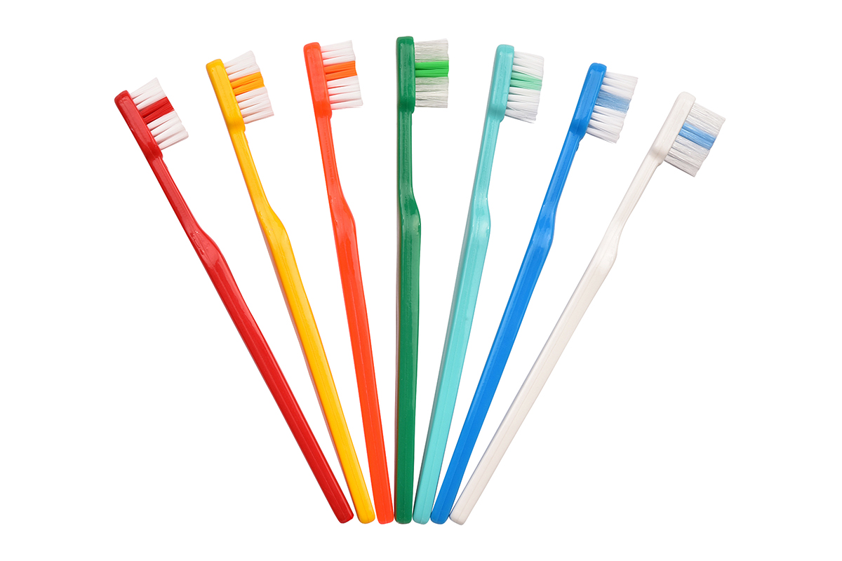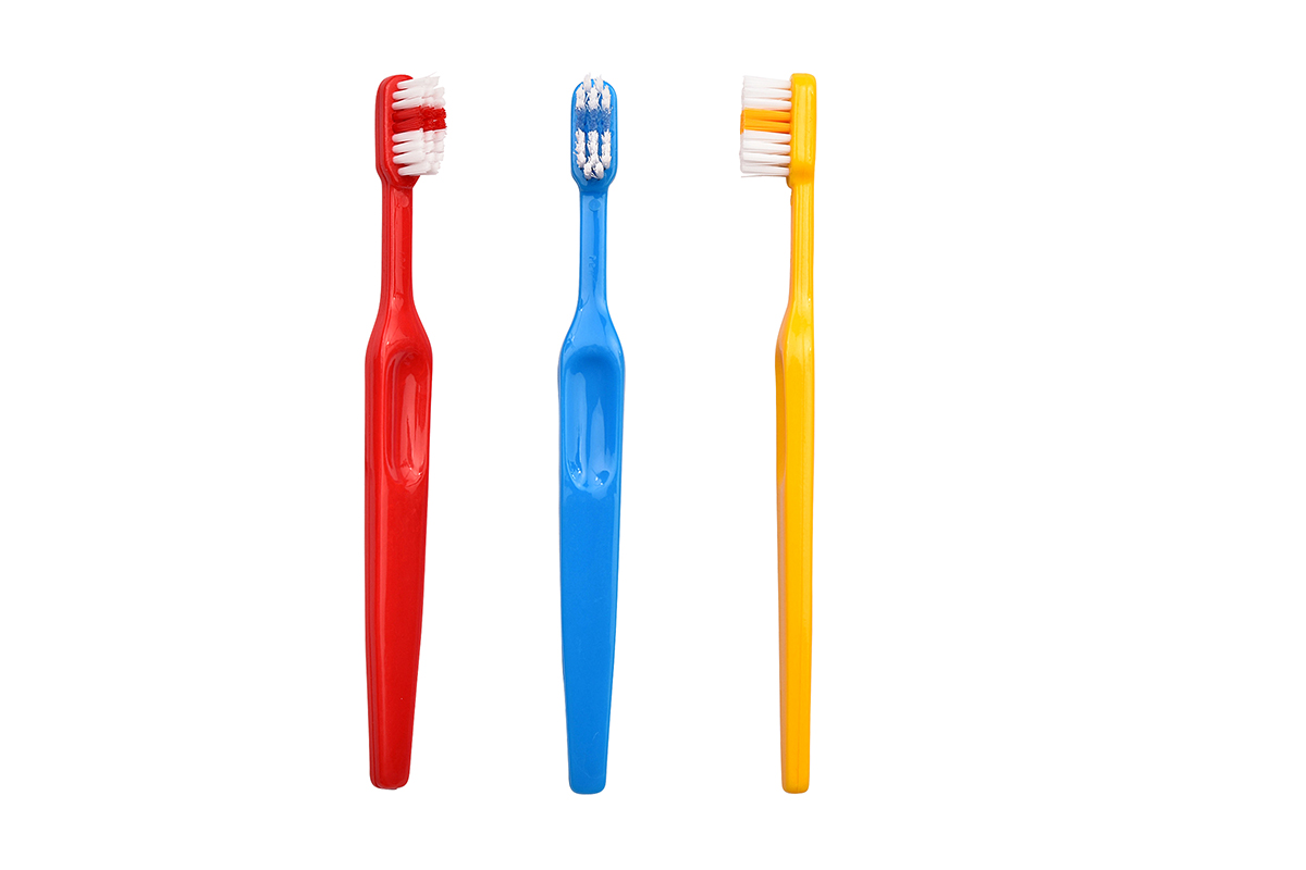 Toothbrush for nursery and primary school aged children with compact, narrow head and straight handle
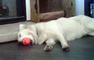 | ![]() Even in his sleep, Kona (from the Lancaster California shelter) is chasing his ball JUNE 2012
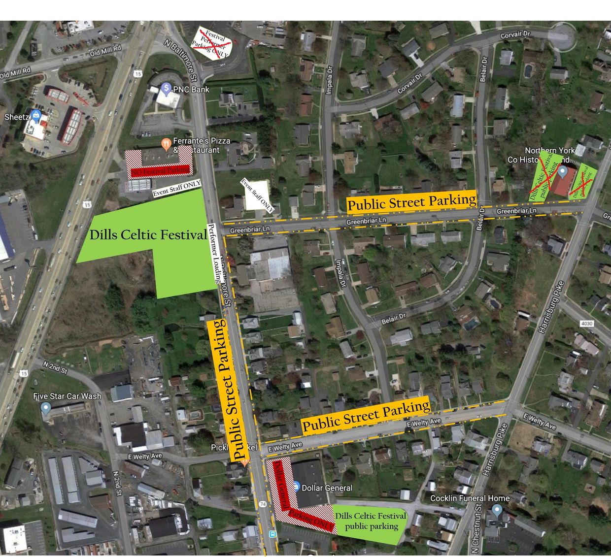 Find your way to a magical day at the Dills Celtic Festival in Dillsburg, Pa. Public street parking is available on North Baltimore St., Greenbriar Lane, E. Welty Ave., and in the lot behind the Dollar General store. While you are here feel free to experience the rich history of Dillsburg and be sure to visit the local businesses that are open. We hope you enjoy your day.
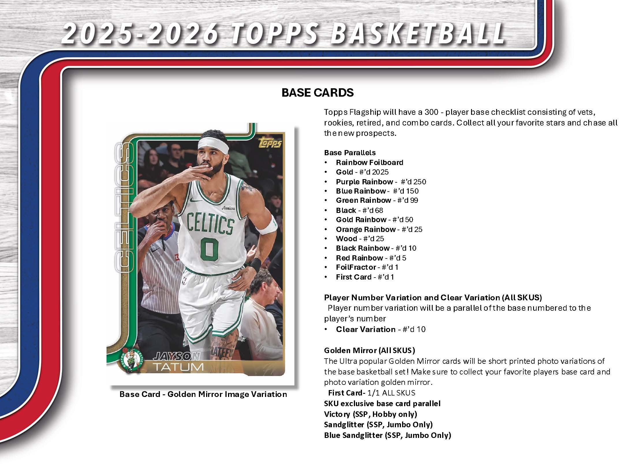 Get ready to rip into a slam - dunk set packed with the hottest Rookies, superstar Vets, and legendary Retired NBA icons. The 2025 Topps Flagship Basketball set delivers fresh, clean designs that capture the pulse - pounding energy of today’s game — all while honoring the iconic look and feel of past Flagship releases.
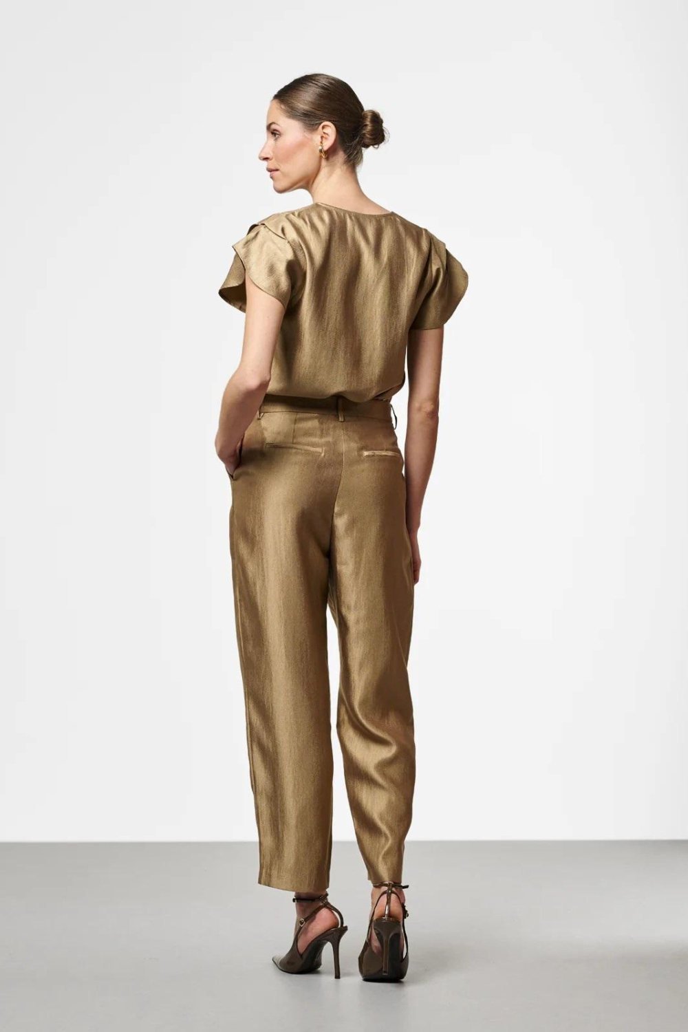 Deze chique damesbroek van Aaiko is een verfijnde keuze voor de lente. De glanzende gouden stof geeft de broek een luxueuze uitstraling en de barrel pasvorm zorgt voor een comfortabele, maar stijlvolle look. Met een high waist ontwerp en een klassieke knoop- en ritssluiting, biedt deze broek zowel modebewustzijn als gemak. De steekzakken voegen praktische details toe en maken het geheel af. De broek is ideaal voor verschillende gelegenheden, van een formele kantoordag tot een feestelijke bijeenkomst. Combineer hem met een elegante blouse en hoge hakken voor een avondje uit, of draag hem met een casual top voor een meer ontspannen look. De normale lengte maakt het gemakkelijk om te combineren met verschillende schoenen, waardoor je deze broek moeiteloos aan je garderobe toevoegt. Geef je outfit een chique touch met deze veelzijdige broek van Aaiko.
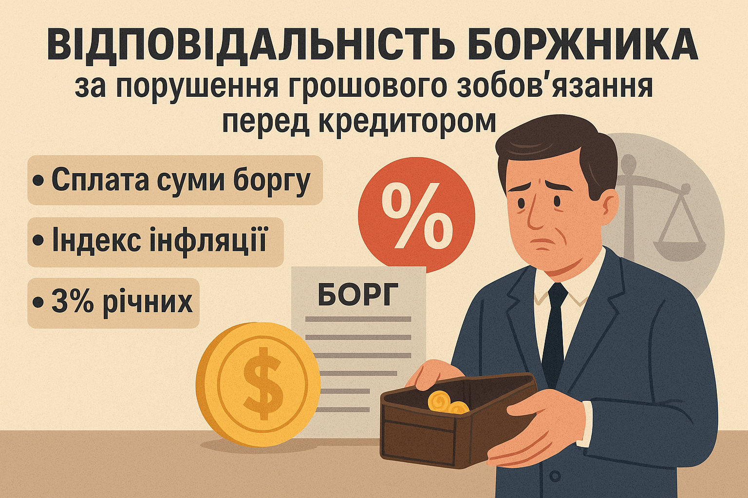 Боржник (фізична особа) у цивільно-правових відносинах з кредитором несе відповідальність за своєчасне виконання грошового зобов’язання. Згідно зі ст. 625 Цивільного кодексу України, «боржник не звільняється від відповідальності за неможливість виконання ним грошового зобов’язання». Іншими словами, навіть у випадку форс-мажору чи інших обставин, які унеможливили платіж, боржник залишається відповідальним перед кредитором.

+ + +

Repeat, word for word and with no pictures, only the lines running from the beginning of the data to the line that contains "Get ready to".

 Toothbrush for nursery and primary school aged children with compact, narrow head and straight handle
 | ![]() Even in his sleep, Kona (from the Lancaster California shelter) is chasing his ball JUNE 2012
 Find your way to a magical day at the Dills Celtic Festival in Dillsburg, Pa. Public street parking is available on North Baltimore St., Greenbriar Lane, E. Welty Ave., and in the lot behind the Dollar General store. While you are here feel free to experience the rich history of Dillsburg and be sure to visit the local businesses that are open. We hope you enjoy your day.
 Get ready to rip into a slam - dunk set packed with the hottest Rookies, superstar Vets, and legendary Retired NBA icons. The 2025 Topps Flagship Basketball set delivers fresh, clean designs that capture the pulse - pounding energy of today’s game — all while honoring the iconic look and feel of past Flagship releases.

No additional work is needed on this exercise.